Interview with Chuck Liddell


By Dean Stattmann

From appearing in TV shows and movies to taking on some of the toughest badasses in the UFC, there’s not much that legendary fighter Chuck Liddell can’t handle. It’s no wonder tickets for his upcoming UFC 115 event with Rich Franklin sold out in a record-setting 30 minutes after going on sale.

Fortunately, Men’s Fitness was able to catch up with The Iceman recently at the Reebok Sports Club in New York City to get his thoughts on The Ultimate Fighter, UFC 115 and his best moment in the Octagon.

You’ve been spending a lot of time in New York promoting for UFC and now helping Reebok demo their latest shoe. Do you like spending time in the city?
I love it. I always have a good time out here. My grandpa is from Brooklyn and my grandma is from Syracuse so I used to come down here quite a bit.

You’re coaching a team on this season of Spike’s hit show The Ultimate Fighter. Are you guys still filming?
No, it’s all done except for the finale. It was cool. I’m not a big fan of reality shows but I liked working with the guys. It taught me a lot about teaching. We’re working with guys that are already pretty good at what they do, so if they don’t understand what to do then I’m not teaching them right. It also taught me a lot about what I do. It reminds you of the way you fight. You have to learn your own details before you can teach them. And especially at this level, with these types of guys, that’s what you need to teach them. They know most of the basic moves, but you need to teach them the details. The details are what make a difference. To teach the details you have to pay attention to what you’re doing. I used to have that problem with a couple of moves I used to do, so it’s a good learning process, for them and for me.

You’re getting ready to fight Rich Franklin in UFC 115. What are you doing to prepare?
It’s everything. My training is ramping up, getting harder and harder, but I’ve been in shape for a while so now we’re picking it up. I had to switch to southpaw though, because he’s a southpaw.

You were supposed to fight Tito Ortiz, but now obviously that’s not happening. Have you had to adapt your training for the new card?
There’s not much of a difference other than the fact that he’s a southpaw. I’ve got to get ready because he’s good everywhere. He’s decent at everything. But he’s not really a big threat to take me down, so if it goes to the ground it’s because I decided it should. But he is a much better striker than Tito.
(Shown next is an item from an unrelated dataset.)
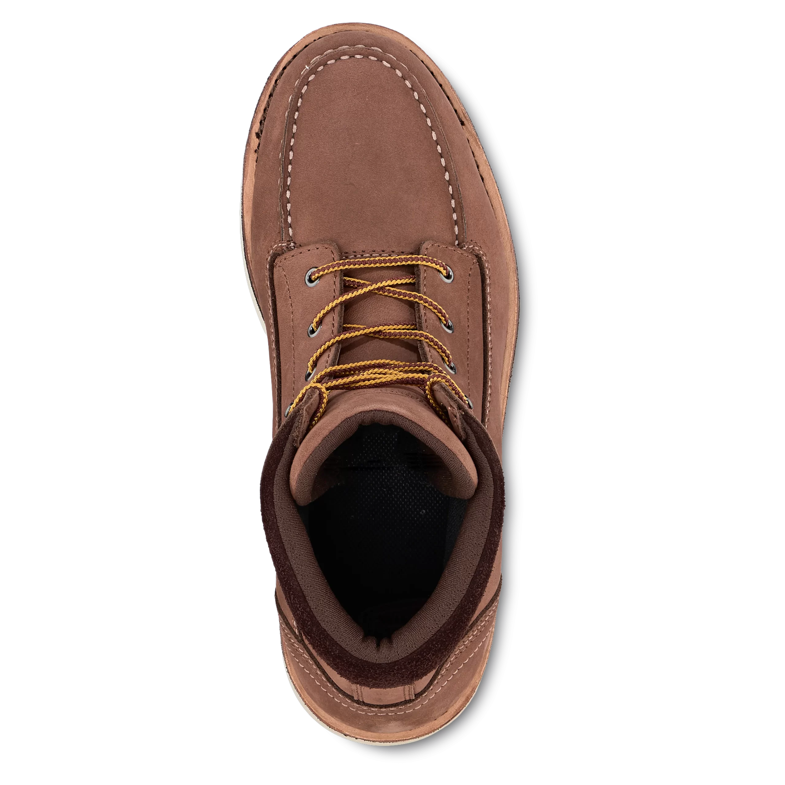Shaped to fit a woman’s foot, this lightweight version of the classic heavy-duty work boot with iconic flat-bottom sole provides exceptional stability and all-day comfort. It features a waterproof, 6-inch oiled Nubuck leather upper and electrical hazard protection, plus best-in-class slip resistance underneath. The extended suede leather collar offers extra cushioning around the ankles.

A lot of people are upset that you won’t be fighting Tito. How do you feel?
I called it. After the shit he said on the show I really wanted to [fight]. I still really want to knock him out. It is what it is. He ran his mouth and now I get to say ‘I told you so’ to Dana. I told him that he wouldn’t fight me and that he was just going to use this to get on TV.

Do you still hope to fight him one day?
I don’t care. Honestly. I mean I’ve already knocked him out twice. All I want though is, if he decides to come back to the UFC, he should have to fight me to get back in. If he wants to fight in the UFC he has to get past me first. Just call me and let me take care of it.
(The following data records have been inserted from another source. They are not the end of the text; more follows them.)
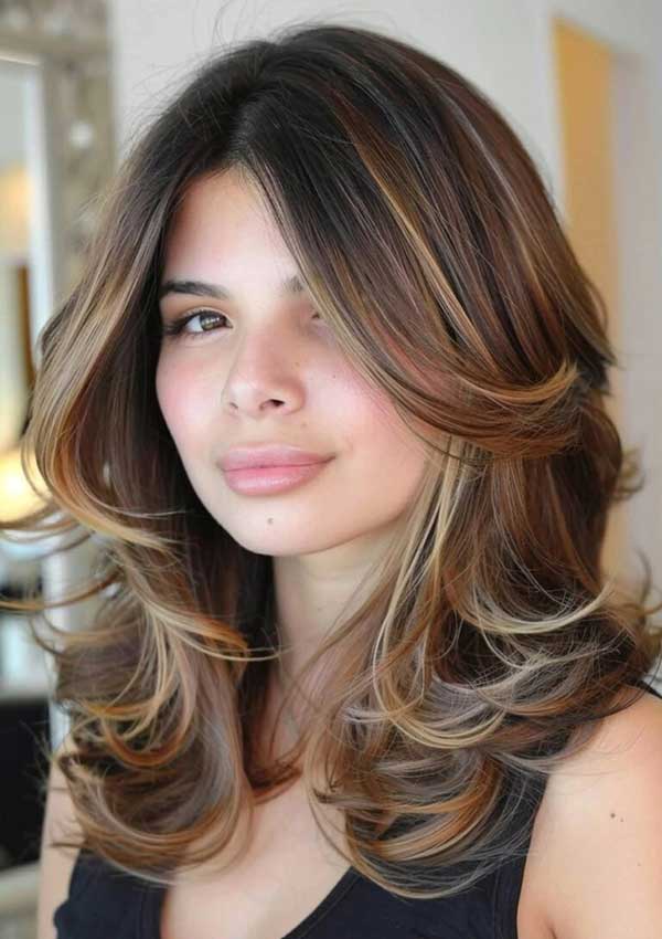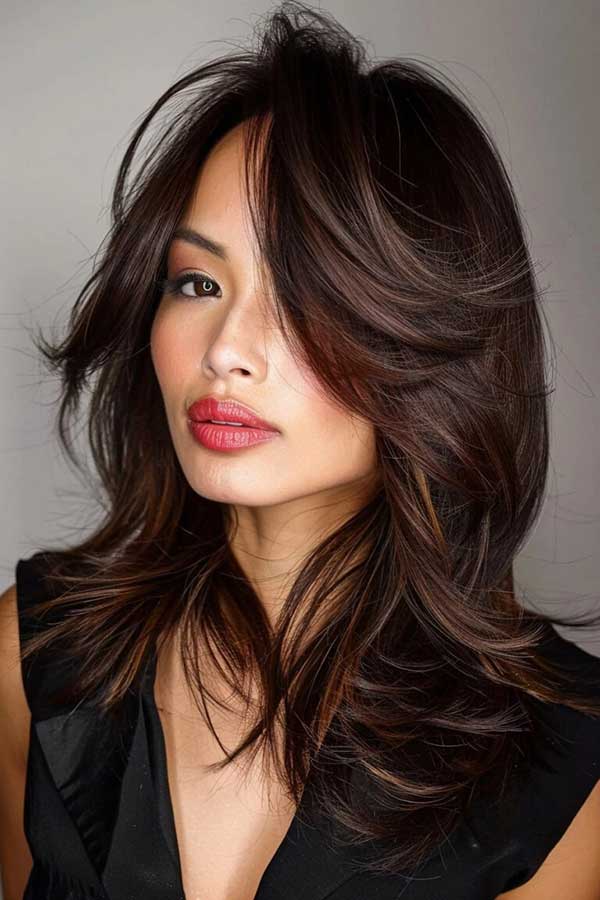 The airy layers of the butterfly cut add volume and flow while the delicate blonde streaks enhance texture and brightness without overpowering the base color. This look is perfect for adding a touch of light and movement to darker hair.
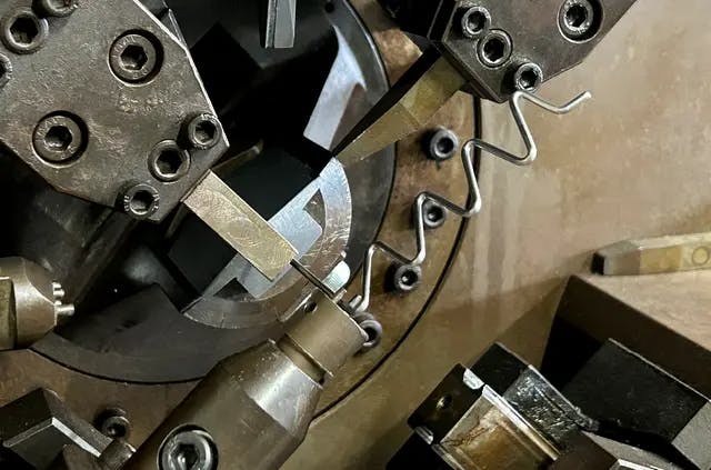 ウェーブはワイヤーをカットした後、機械で異なる幅を微調整しながら曲げること39回。この後も手作業で細かく修正を行います。
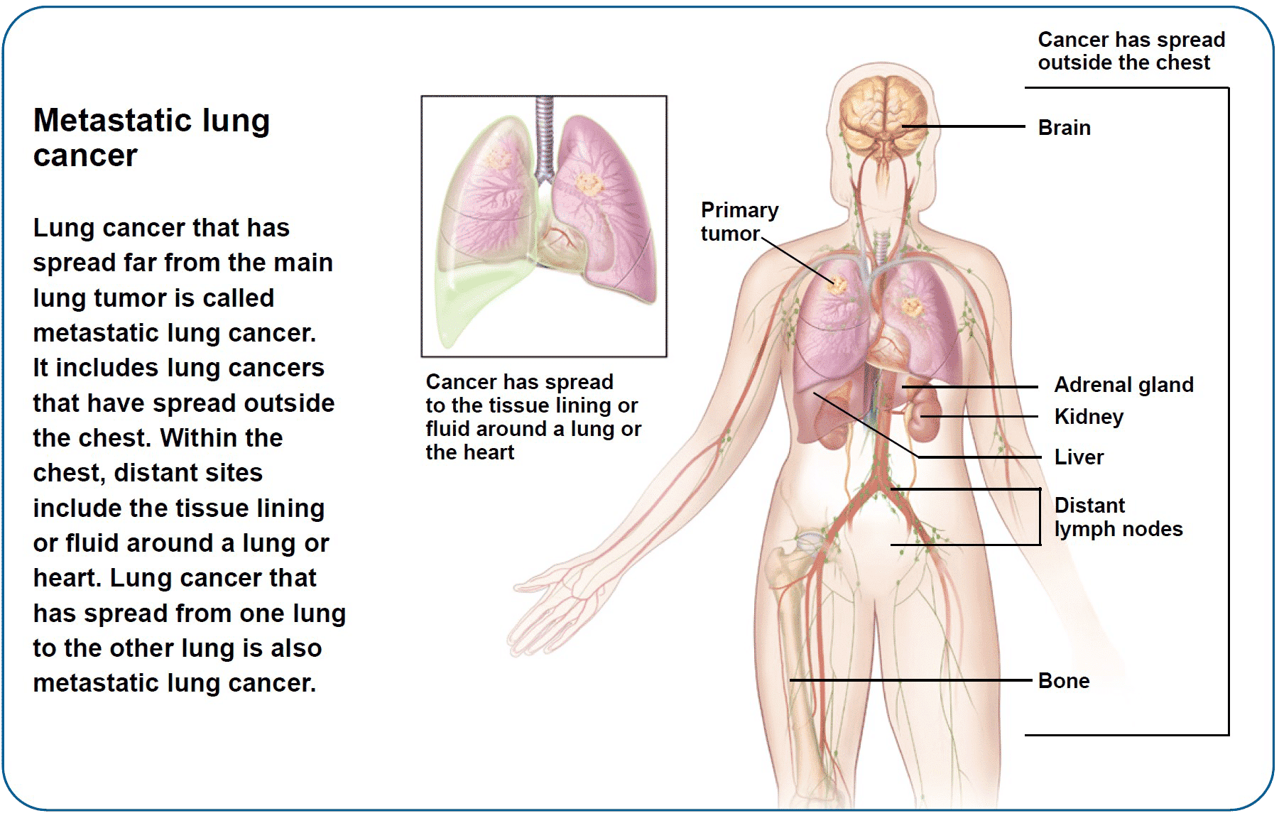 - Metastatic lung cancer has spread far from where it started.
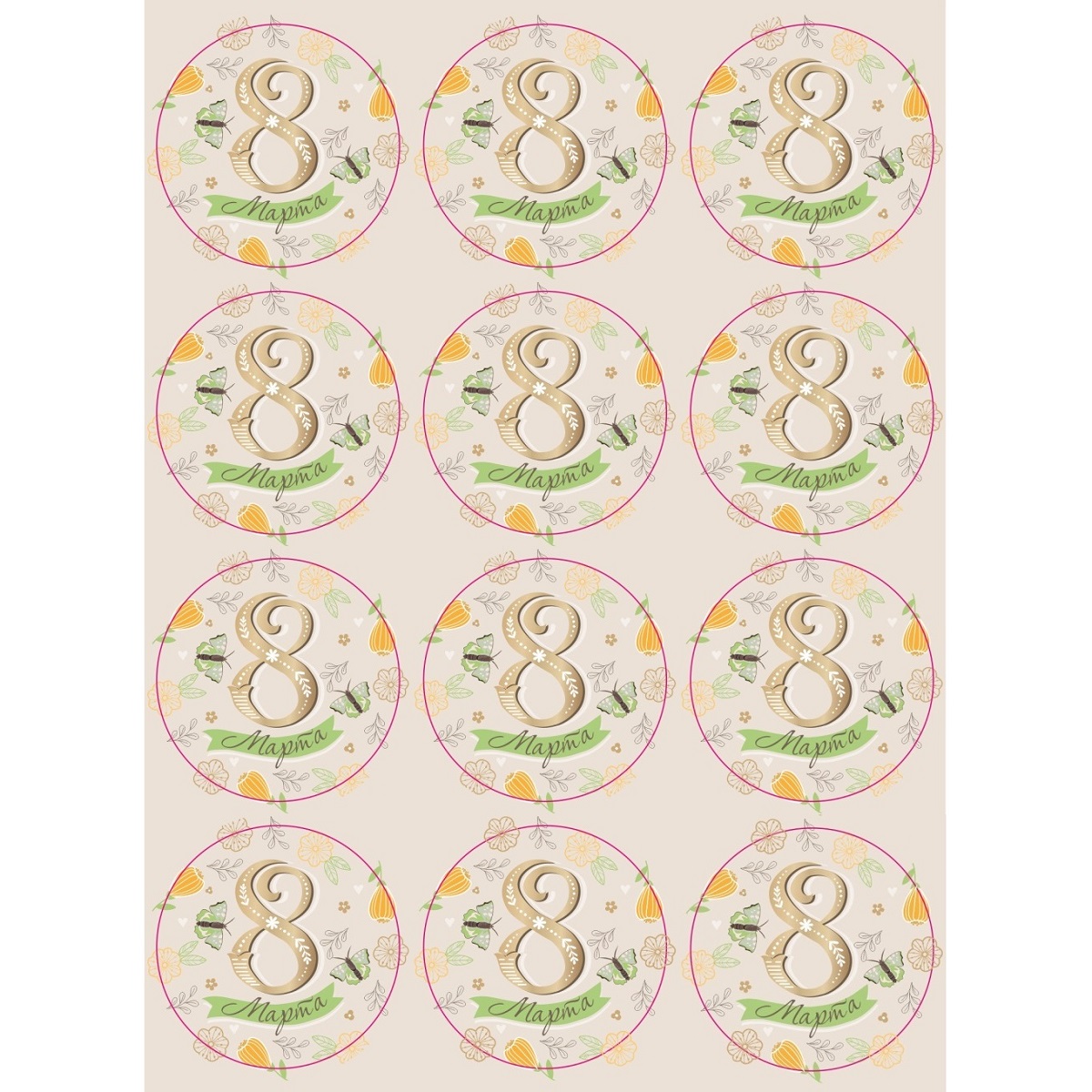 В набор входят 12 наклеек диаметром 40 мм выполнена на самоклеющейся матовой бумаге.

A lot of people are interested now in getting into MMA, but it’s such a mixed medium that it can be hard to find a starting point. What’s your advice for starting up?
You can actually find a lot of gyms that do teach mixed martial arts. But it’s just like with any martial art — you’ve got to look at the coaches, go watch some classes, see how people treat each other and how the coaches treat the students. Pay attention to the details.

What’s your diet like right now?
I eat a balanced diet. I actually have a guy who cooks for me at home. It’s 40/30/30 — so 40% carbs, 30% protein and 30% fat. It’s healthy. It’s clean. It’s real simple. When I’m training at home I have five meals for the day that I just heat up. It’s all planned and that’s what I eat. There are enough calories in there for me for the day, and each week as my weight goes up and down we’ll add or lose calories.

Lastly, what is your best memory from inside the Octagon?
You know, it’s hard to say. I’ve had a lot of good ones and I’ve had a lot of bad ones. Any time I’ve lost has been devastating to me, but the best would probably have to be when I beat Randy for the first time. I had already lost to him and I came back with a first round knockout for the title. It was the biggest Pay Per View that the UFC had had at the time by far and it was just a big day for me. That was my best moment inside the Octagon.